#### [Task to complete]
With pictures removed, print the listing exactly.

#### [Source material]
**********

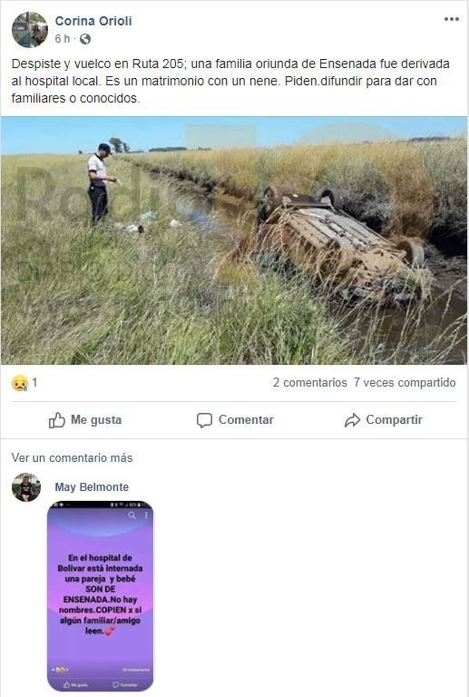 Una familia de Ensenada protagonizó un despiste y vuelco en Bolívar: tres personas resultaron heridas. Además, iniciaron una campaña para dar con sus allegados.
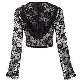Features: Long sleeve; Tie front; Fixed hood; See-through floral lace fabric
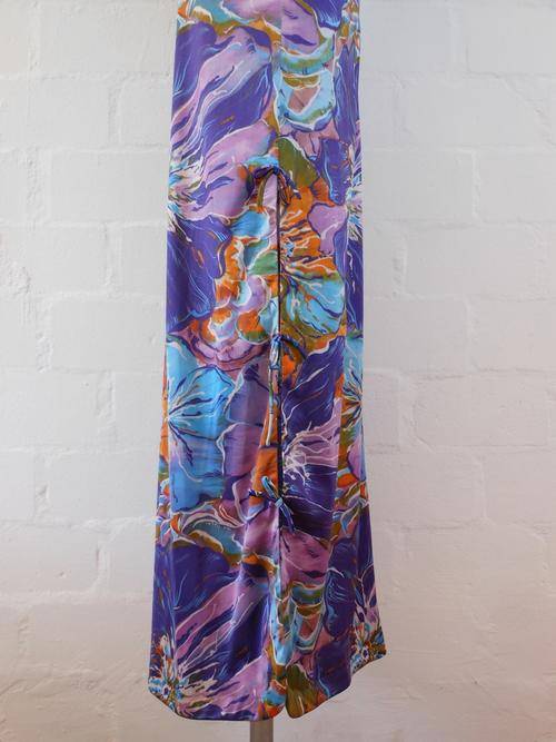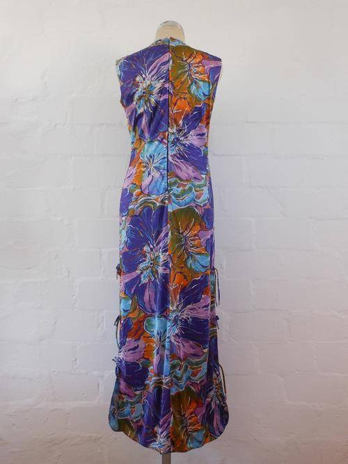 Stunning groovy authentic vintage full length dress with psychedelic print and ties along side slits. Very good condition. Size 10/ 34.

**********

#### [Response area]
 Una familia de Ensenada protagonizó un despiste y vuelco en Bolívar: tres personas resultaron heridas. Además, iniciaron una campaña para dar con sus allegados.
Features: Long sleeve; Tie front; Fixed hood; See-through floral lace fabric
 Stunning groovy authentic vintage full length dress with psychedelic print and ties along side slits. Very good condition. Size 10/ 34.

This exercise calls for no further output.